The station opened in 1940, the first unit based there being No 7 School of Technical Training, who trained engine and airframe fitters and mechanics. More than 2,000 officers and men were based at Innsworth by the time training began, in earnest, in 1941, this being delayed due to the arrival of 1500 RAF evacuees from Dunkirk.

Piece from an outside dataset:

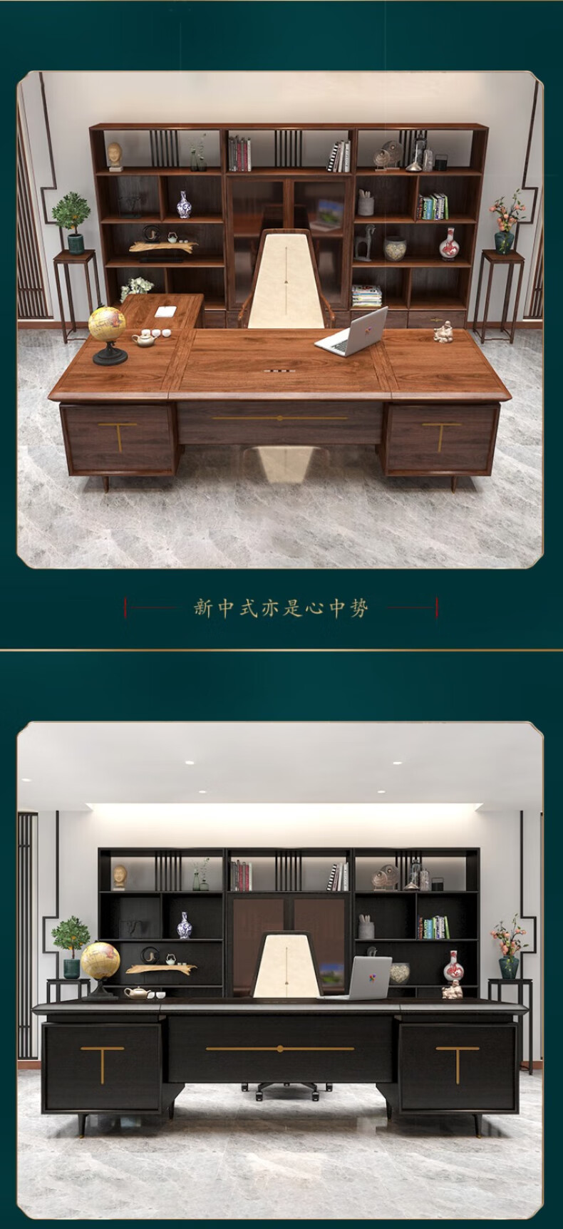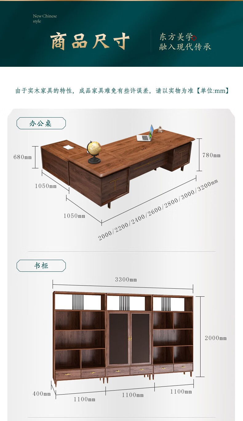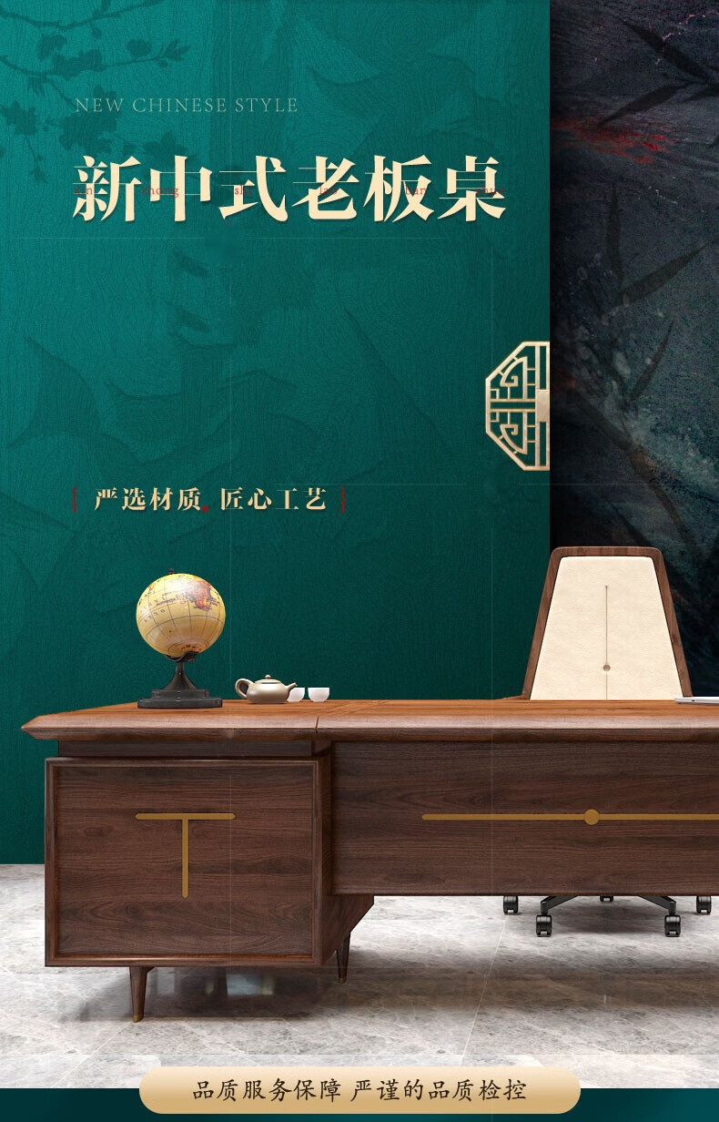 Qiheng (XIIBLC) solid wood boss desk desk black walnut ash wood office executive desk new Chinese style president manager desk (North American black walnut) 2400*1050*780
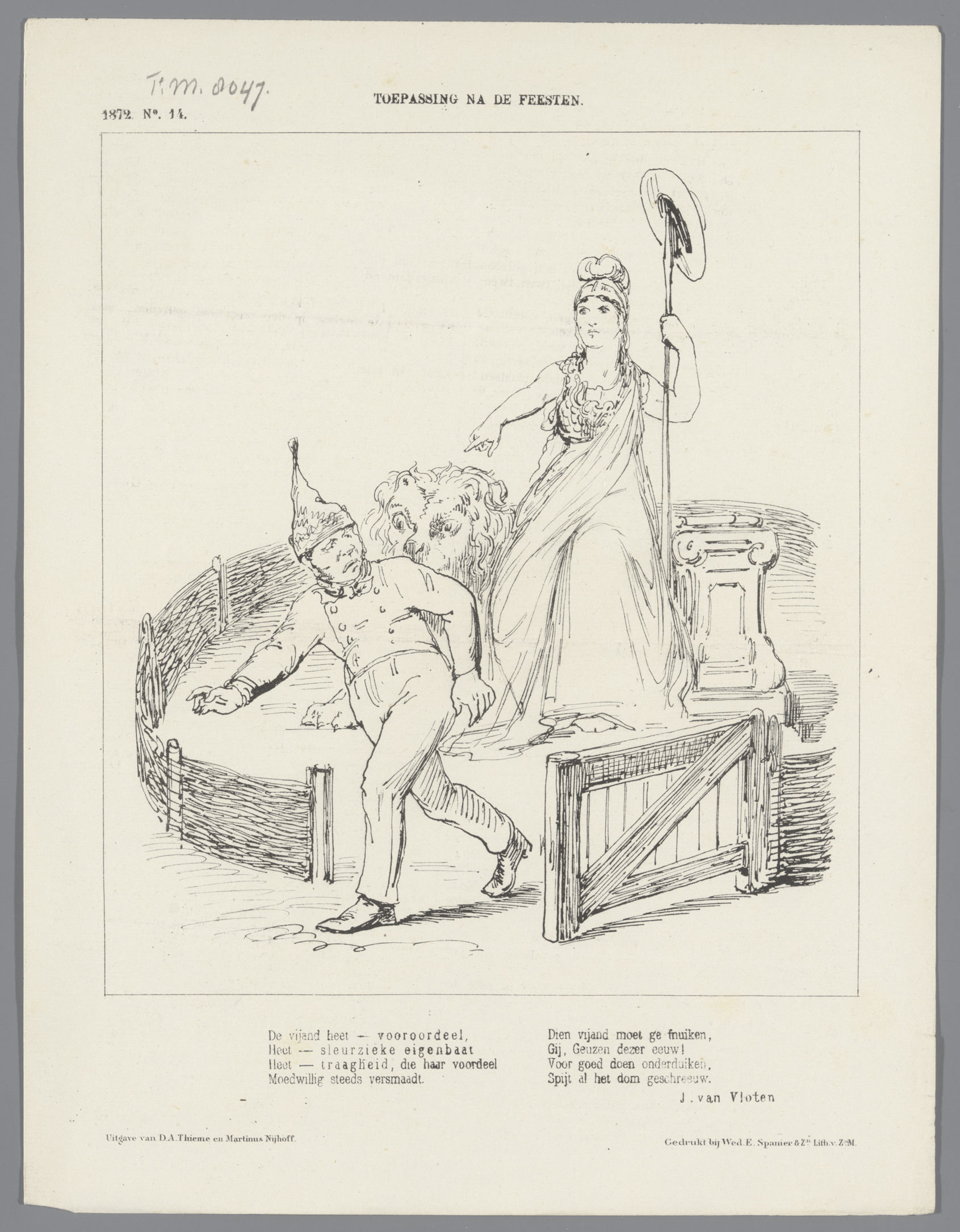 Spotprent op het ontslag van minister Engelvaart, 1871

In December 1941, No 2 WAAF Depot was opened at Innsworth and, from then on, the Station became increasingly associated with the Women's branch of the service. By the end of 1941, the strength of the Station had risen to more than 4,000, including trainees. Eventually, it was decided to reserve the Station almost exclusively for WAAF training, including barrage balloon training, amongst other vital roles.

===Post-war===
By the end of the war, nearly 5,000 people were living on the Station, three quarters of them WAAF. It retained its training role, with the opening of No. 2 RAF School of Cookery in 1948. It was also the home to No. 33 Wing RAF Regiment which deployed squadrons to emergencies in Cyprus and Northern Ireland. The station housed the Education Book Depot, which would have come in handy with both Nos. 7 & 13 Schools of Recruit Training. Innsworth was also the headquarters of No.4 Police District, and maintained a police presence up until very recently, when it was the HQ of PSS (WR).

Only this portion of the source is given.